Directions:
Print every line below exactly. Skip the pictures.

Collected data:
■ ■ ■ ■ ■ ■ ■

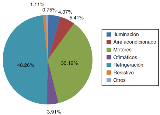 En el año 2013 se comenzó a llevar un registro del consumo de energía eléctrica mensual de la empresa, tanto el facturado por la empresa como el medido a través de equipos portátiles de monitoreo, que permitieran verificar que las acciones implementadas para reducirlo fueran efectivas. Además, se realizó la primera auditoría energética, con la cual se levantó la información de los 367 equipos eléctricos existentes, tanto en las áreas de producción como en las administrativas. En la figura 2 se muestra uno de los resultados más destacados: el consumo de energía eléctrica por uso en la instalación, donde se observa que el 49% se debe a los equipos de refrigeración.
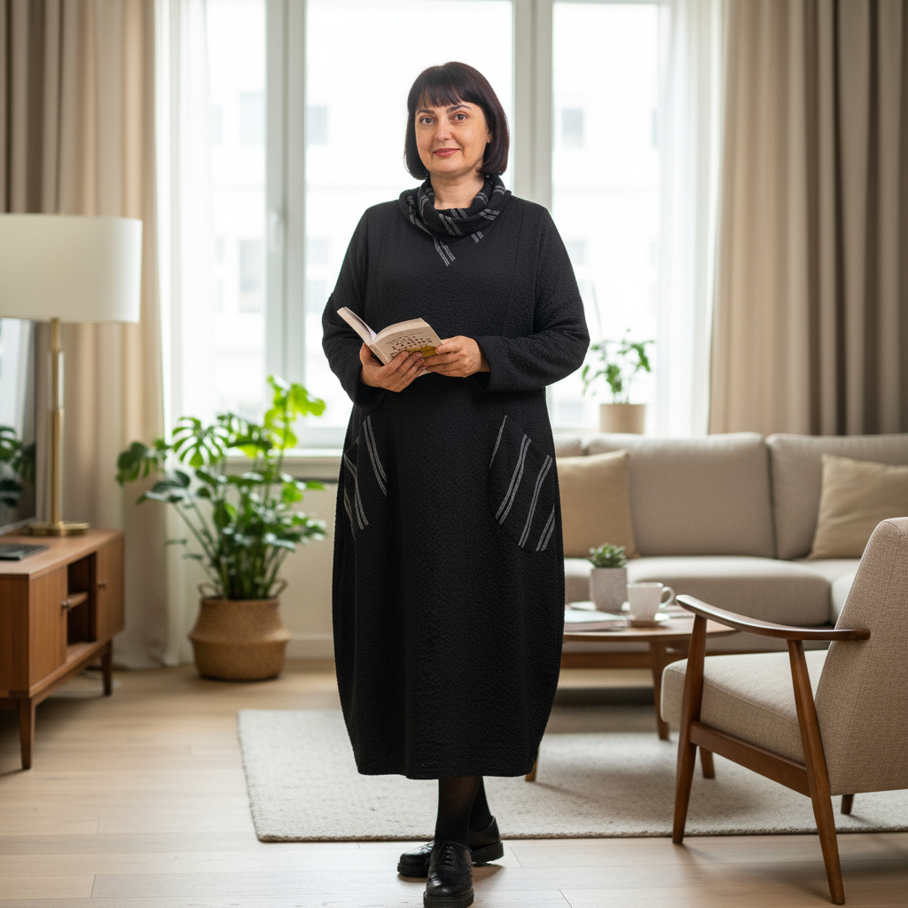 Состав: 49% вискоза, 25% шерсть, 25% полиэстер, 1% эластан.
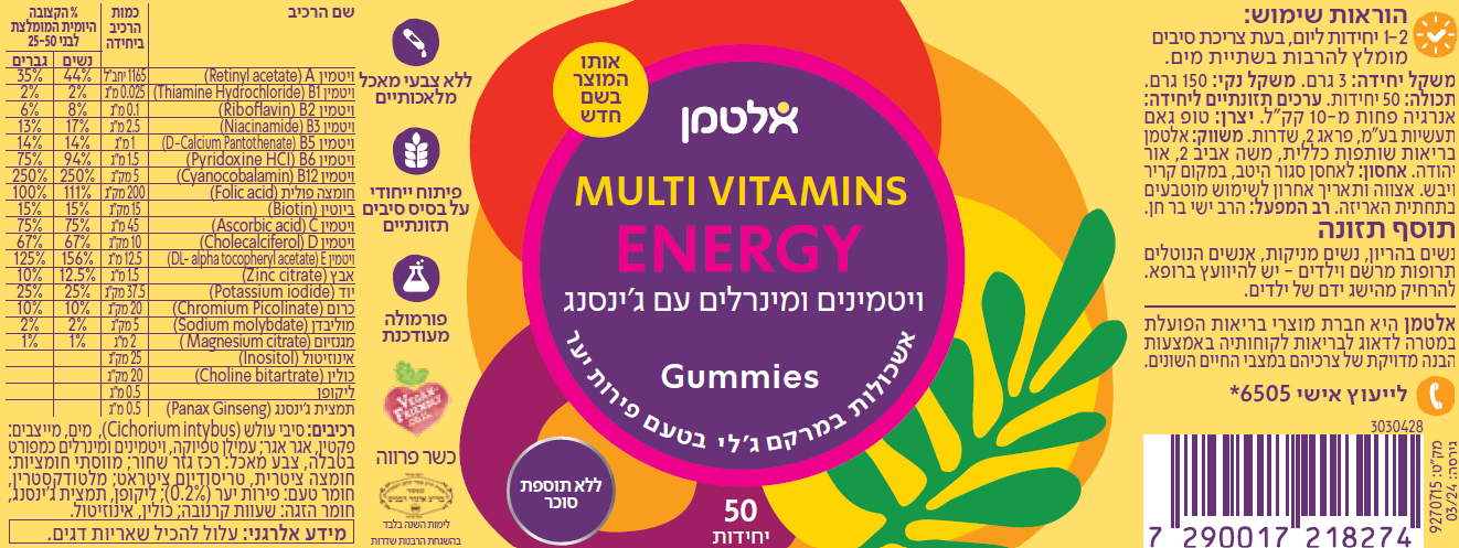 שילוב ויטמינים ומינרלים עם ג'ינסנג. גם ויטמינים, וגם טעימים! גאמיס ללעיסה בטעם פירות יער המכיל שילוב ויטמינים ומינרלים עם ג'ינסנג, פיתוח ייחודי על בסיס סיבים תזונתיים ללא תוספת סוכר וללא צבעי מאכל מלאכותיים
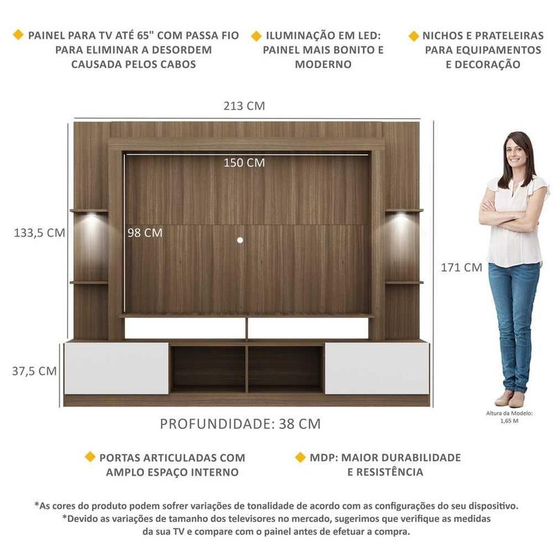 Rack Estante TV 65" com Leds Berlim Multimóveis Madeirado/Branco REF: 765801_Sicredi

■ ■ ■ ■ ■ ■ ■

Answer to the problem:
 En el año 2013 se comenzó a llevar un registro del consumo de energía eléctrica mensual de la empresa, tanto el facturado por la empresa como el medido a través de equipos portátiles de monitoreo, que permitieran verificar que las acciones implementadas para reducirlo fueran efectivas. Además, se realizó la primera auditoría energética, con la cual se levantó la información de los 367 equipos eléctricos existentes, tanto en las áreas de producción como en las administrativas. En la figura 2 se muestra uno de los resultados más destacados: el consumo de energía eléctrica por uso en la instalación, donde se observa que el 49% se debe a los equipos de refrigeración.
 Состав: 49% вискоза, 25% шерсть, 25% полиэстер, 1% эластан.
 שילוב ויטמינים ומינרלים עם ג'ינסנג. גם ויטמינים, וגם טעימים! גאמיס ללעיסה בטעם פירות יער המכיל שילוב ויטמינים ומינרלים עם ג'ינסנג, פיתוח ייחודי על בסיס סיבים תזונתיים ללא תוספת סוכר וללא צבעי מאכל מלאכותיים
 Rack Estante TV 65" com Leds Berlim Multimóveis Madeirado/Branco REF: 765801_Sicredi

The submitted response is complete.